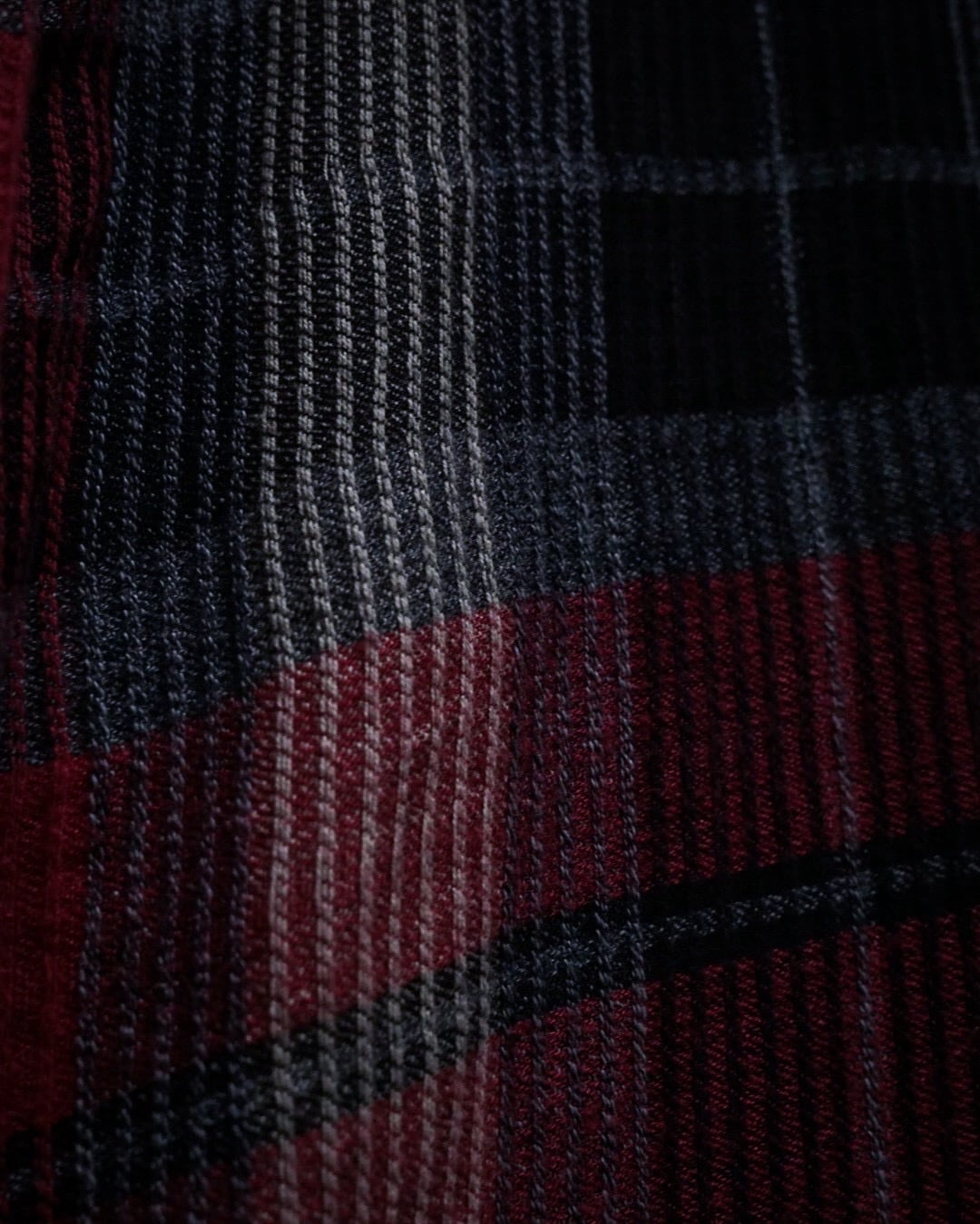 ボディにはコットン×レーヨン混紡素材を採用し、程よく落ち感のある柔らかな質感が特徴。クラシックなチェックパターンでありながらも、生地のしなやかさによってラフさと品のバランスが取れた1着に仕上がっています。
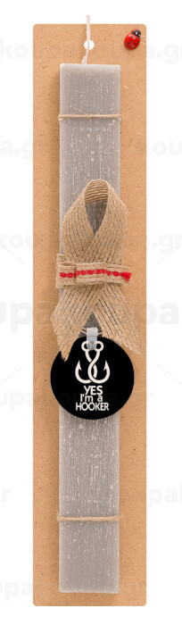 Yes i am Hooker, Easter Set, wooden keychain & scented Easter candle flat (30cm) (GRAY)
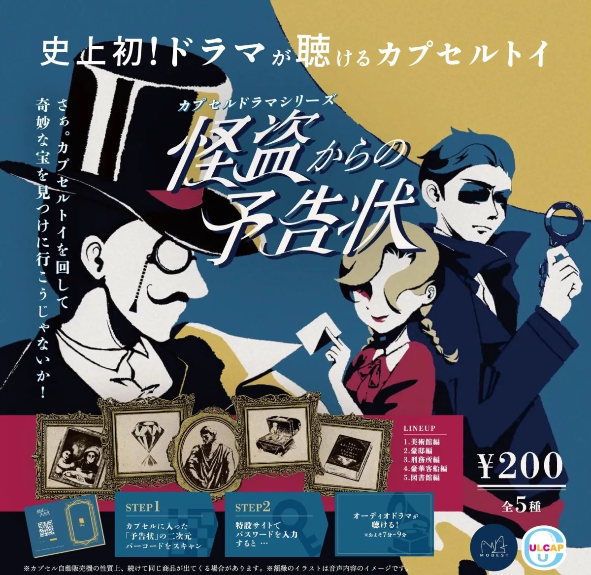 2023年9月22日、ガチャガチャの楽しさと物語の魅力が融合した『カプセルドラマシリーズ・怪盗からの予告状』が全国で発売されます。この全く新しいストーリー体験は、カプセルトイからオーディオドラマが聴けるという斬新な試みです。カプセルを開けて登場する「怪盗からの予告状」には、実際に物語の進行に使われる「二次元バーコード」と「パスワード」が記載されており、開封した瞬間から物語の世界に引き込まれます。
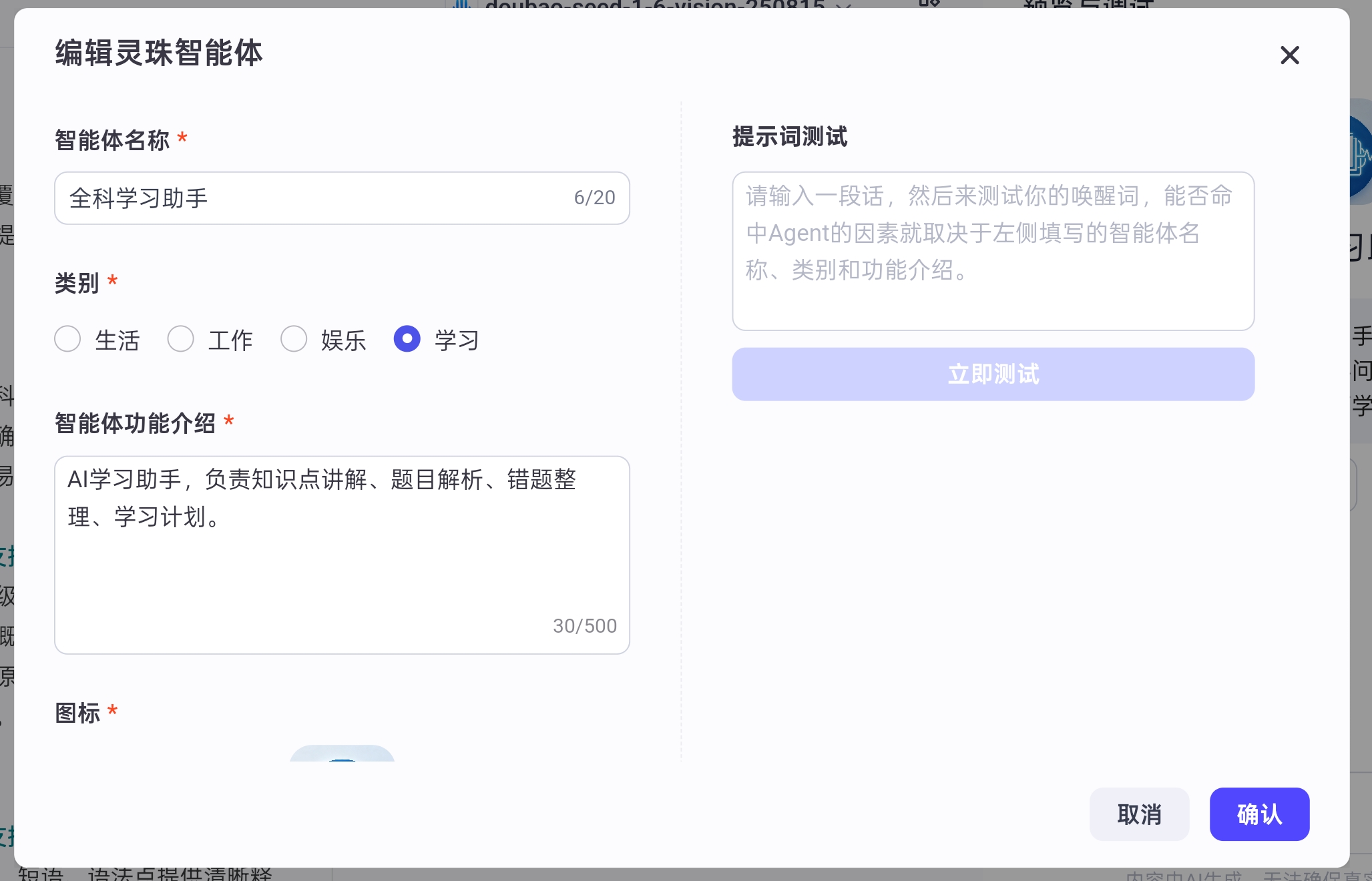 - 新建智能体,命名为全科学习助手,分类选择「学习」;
--------
**TASK REQUIREMENTS:**
Set aside the pictures. Then return every line of the material above verbatim.

**REPLY:**
 ボディにはコットン×レーヨン混紡素材を採用し、程よく落ち感のある柔らかな質感が特徴。クラシックなチェックパターンでありながらも、生地のしなやかさによってラフさと品のバランスが取れた1着に仕上がっています。
 Yes i am Hooker, Easter Set, wooden keychain & scented Easter candle flat (30cm) (GRAY)
 2023年9月22日、ガチャガチャの楽しさと物語の魅力が融合した『カプセルドラマシリーズ・怪盗からの予告状』が全国で発売されます。この全く新しいストーリー体験は、カプセルトイからオーディオドラマが聴けるという斬新な試みです。カプセルを開けて登場する「怪盗からの予告状」には、実際に物語の進行に使われる「二次元バーコード」と「パスワード」が記載されており、開封した瞬間から物語の世界に引き込まれます。
 - 新建智能体,命名为全科学习助手,分类选择「学习」;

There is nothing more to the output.